[libcamera-devel] [PATCH v3 01/12] utils: tuning: libtuning: Implement the core of libtuning

Paul Elder paul.elder at ideasonboard.com
Wed Nov 23 11:55:57 CET 2022


Hi David,

<snip>

> > > > diff --git a/utils/tuning/libtuning/utils.py b/utils/tuning/libtuning/utils.py
> > > > new file mode 100644
> > > > index 00000000..8a9f13f7
> > > > --- /dev/null
> > > > +++ b/utils/tuning/libtuning/utils.py
> > > > @@ -0,0 +1,152 @@
> > > > +# SPDX-License-Identifier: BSD-2-Clause
> > > > +#
> > > > +# Copyright (C) 2019, Raspberry Pi Ltd
> > > > +# Copyright (C) 2022, Paul Elder <paul.elder at ideasonboard.com>
> > > > +#
> > > > +# utils.py - Utilities for libtuning
> > > > +
> > > > +import decimal
> > > > +import math
> > > > +import numpy as np
> > > > +import os
> > > > +from pathlib import Path
> > > > +import re
> > > > +import sys
> > > > +
> > > > +import libtuning as lt
> > > > +from libtuning.image import Image
> > > > +from libtuning.macbeth import locate_macbeth
> > > > +
> > > > +# Utility functions
> > > > +
> > > > +
> > > > +def eprint(*args, **kwargs):
> > > > +    print(*args, file=sys.stderr, **kwargs)
> > > > +
> > > > +
> > > > +def get_module_by_type_name(modules, name):
> > > > +    for module in modules:
> > > > +        if module.type == name:
> > > > +            return module
> > > > +    return None
> > > > +
> > > > +
> > > > +# @brief Round value while keeping the maximum number of decimal points
> > > > +# @param limits Tuple of [min, max] acceptable values
> > > > +# @description Prevents rounding such that significant figures are lost
> > > > +# \todo Bikeshed this name
> > > > +def round_with_sigfigs(val, limits: tuple):
> > > > +    decimal_points = abs(decimal.Decimal(str(limits[-1])).as_tuple().exponent)
> > > 
> > > To be honest, I wonder if deducing the decimal point from the limits is
> > > worth it. For all you know, you may have a [0.0, 4.0] range and want 3
> > > decimal points.

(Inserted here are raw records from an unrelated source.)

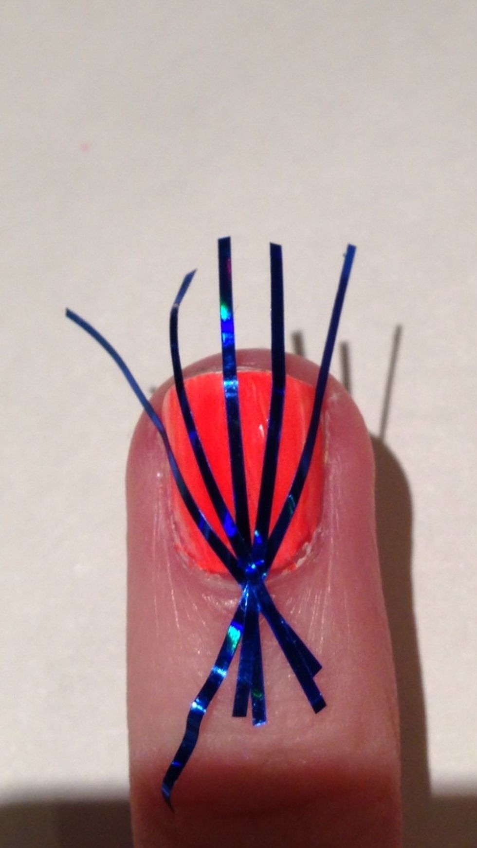 For this design you need about 5 strips of tape. It will depend on the length of your nail.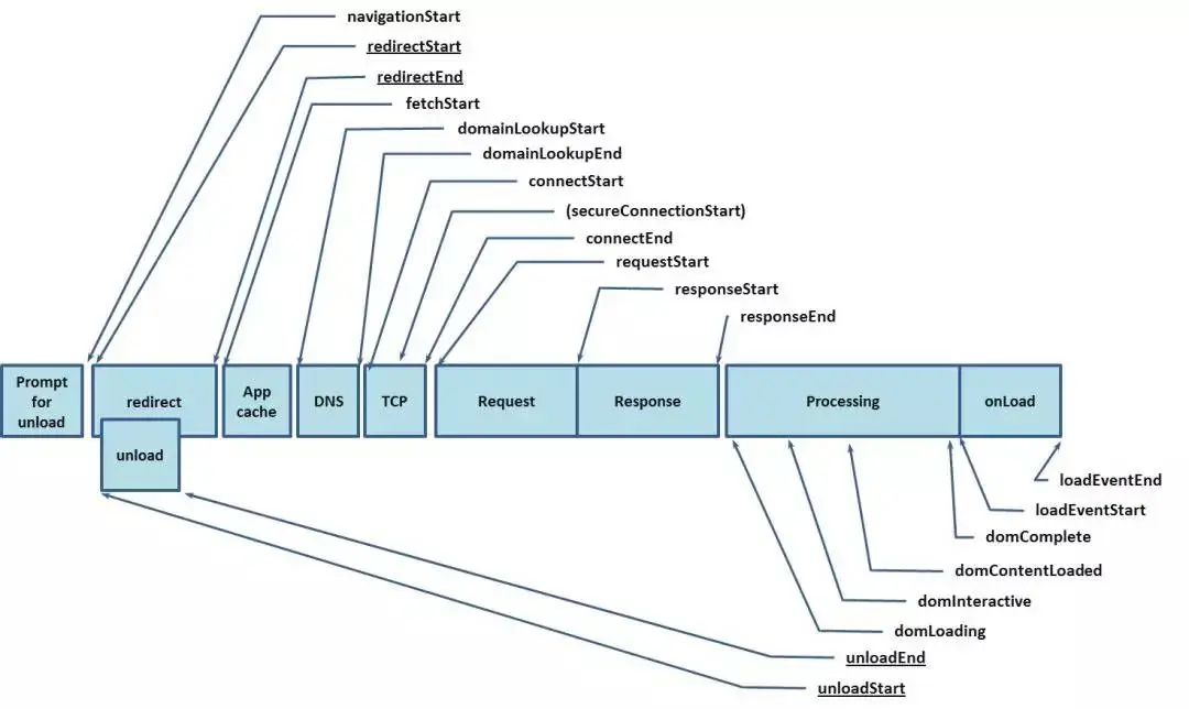 这是 navigation timing 监测指标图,从图中我们可以看出,浏览器在得到用户请求之后,经历了下面这些阶段:重定向→拉取缓存→DNS 查询→建立 TCP 链接→发起请求→接收响应→处理 HTML 元素→元素加载完成。不着急,我们对其中的细节一步步展开讨论。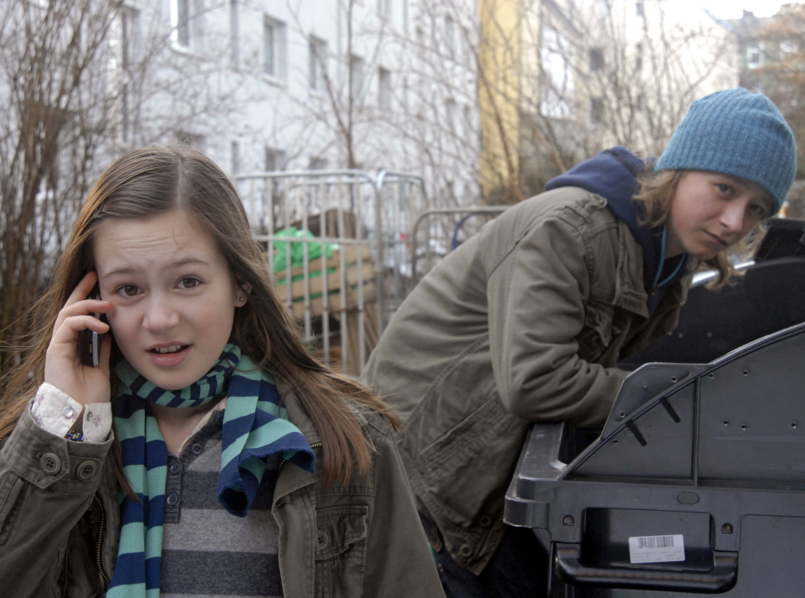 Gekaufte SpieleNiklas (Jaden Dreier, links) ist ins Fleet gestiegen, um Jessis (Martha Fries) Kamera zu retten.Bild: © NDR/Romano Ruhnau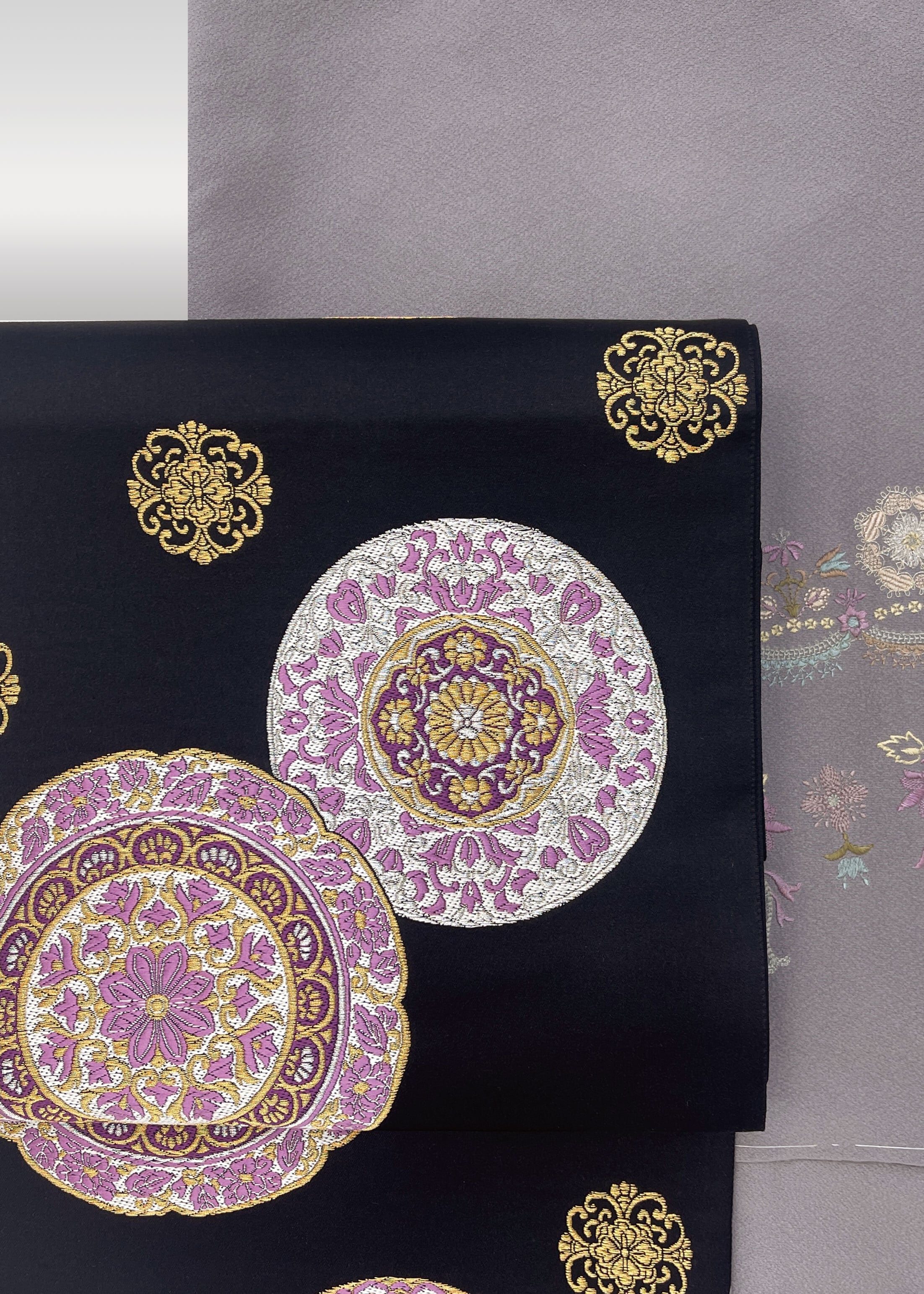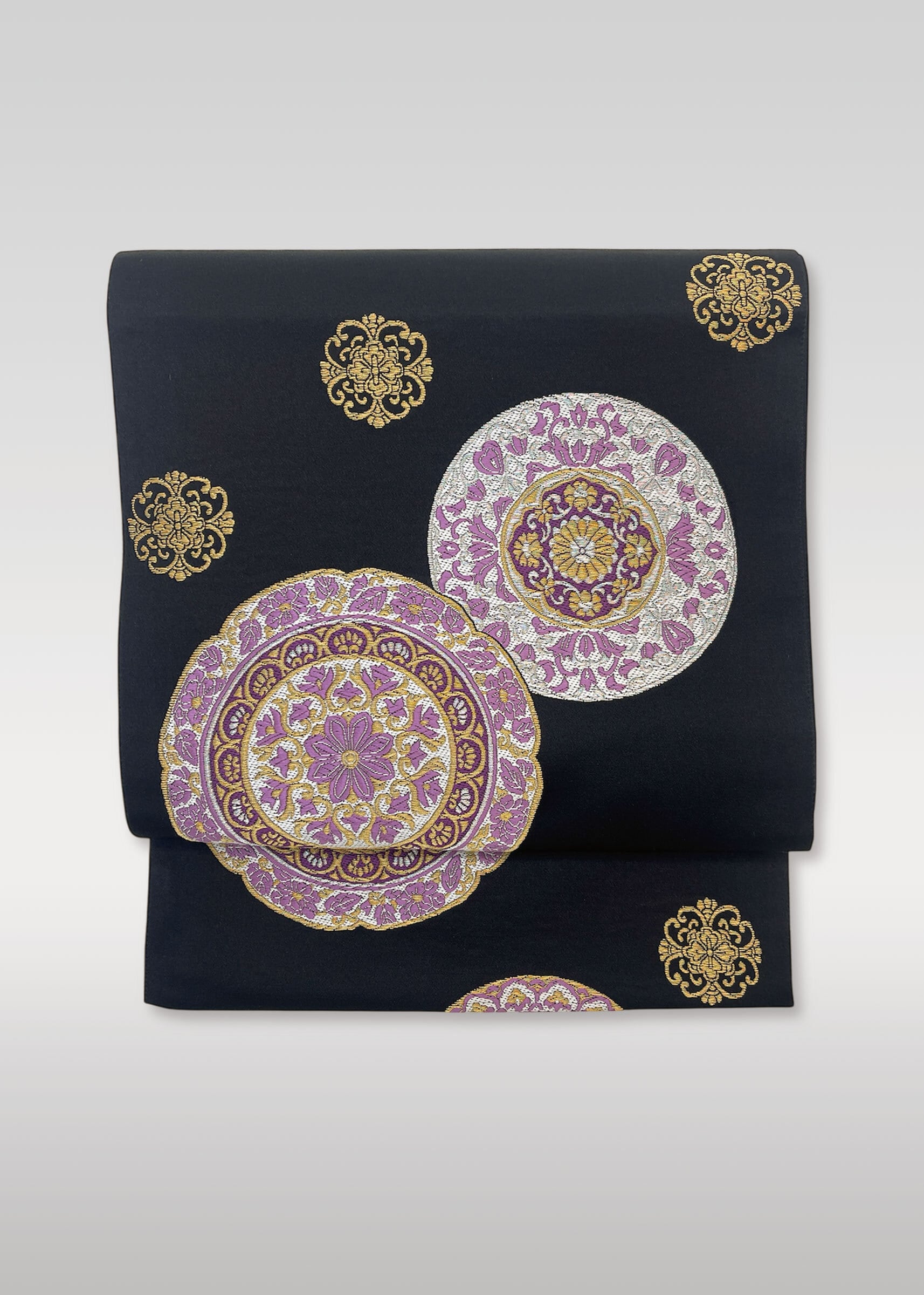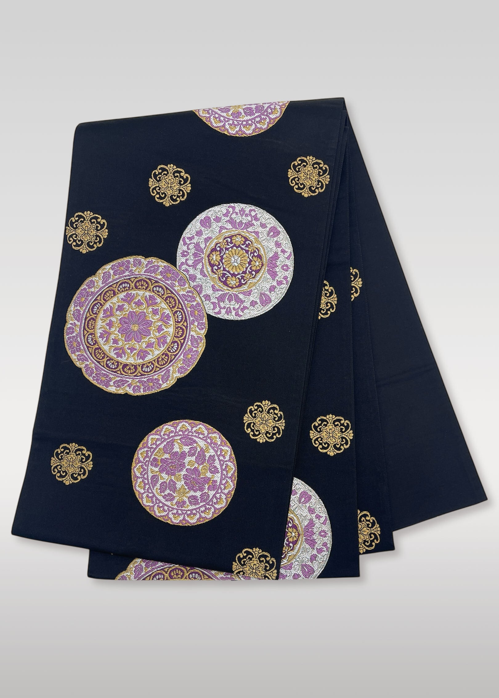 漆黒に充分に紫が使われた古代の鏡を彷彿させる模様が浮かび上がる凛としたフォーマル帯です。黒という強い色ゆえに上品に着物とのバランスで季節感を出すことが可能になると思います。様々な格のお茶会にもお召いただける帯です。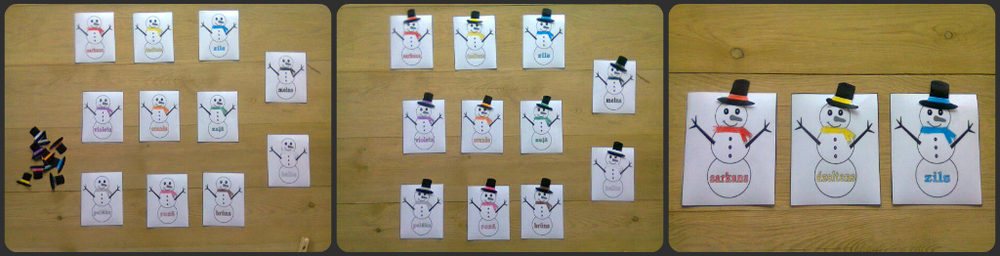 Internetā uzgāju sniegavīru spēles – par burtiem un krāsām. Spēles uzdevums ir attiecīgajam sniegavīram atrast īsto cepuri. Vai nu ar īsto burtu vai īsto krāsu. Man par lielu prieku Niklāvam uzdevums ar sniegavīriem un krāsām (pamatkrāsām – zilu, sarkanu un dzeltenu) izdevās. Kā rakstīju iepriekš, tad vēl pirms nedēļas viņam tas nesanāca. ;)

I'd rather pass the precision to the function.
> > 
> > Given the two sample points that I have I didn't think that you'd have a
> > range of [0.0, 4.0].
> > 
> > This means we'll have to add a new module parameter for precision. Which
> > I guess is fine; range + precision.
> > 
> > > > +
> > > > +    # These are decimal left-shift multipliers
> > > > +    lshift = 10**(decimal_points - 1)
> > > > +    adjust = 10**(-decimal_points)
> > > > +
> > > > +    # We need the division to get rid of stray floating points
> > > > +    # These are bounds for 5% and 95% of one significant figure *lower* than
> > > > +    # the maximum number. They allow checking if a normal rounding would cause
> > > > +    # an "overflow rounding" (where significant decimal points would be lost).
> > > > +    # The "overflow rounding" can then be prevented by adding or subtracting
> > > > +    # adjust.
> > > > +    lower_bound = adjust * 10 * 5 * lshift / lshift
> > > > +    upper_bound = adjust * 10 * 95 * lshift / lshift
> > > > +
> > > > +    out = val
> > > > +    out = np.where((lshift * out) % 1 <= lower_bound, out + adjust, out)
> > > > +    out = np.where((lshift * out) % 1 >= upper_bound, out - adjust, out)
> > > > +    out = np.round(out, 3)
> > > 
> > > You write in a reply to v2
> > > 
> > > > "Round value while keeping the maximum number of decimal points"
> > > > So like if limits is [0, 3.999], then 2.5999 would normally get rounded
> > > > to 2.6, but this function would make sure it gets rounded to 2.599.
> > > 
> > > Why is that desired ? The rounding error is larger.
> > 
> > Good question. I don't know the answer. I just maintaned behavior from ctt.
> 
> Maybe it was bad behaviour to start with ? :-)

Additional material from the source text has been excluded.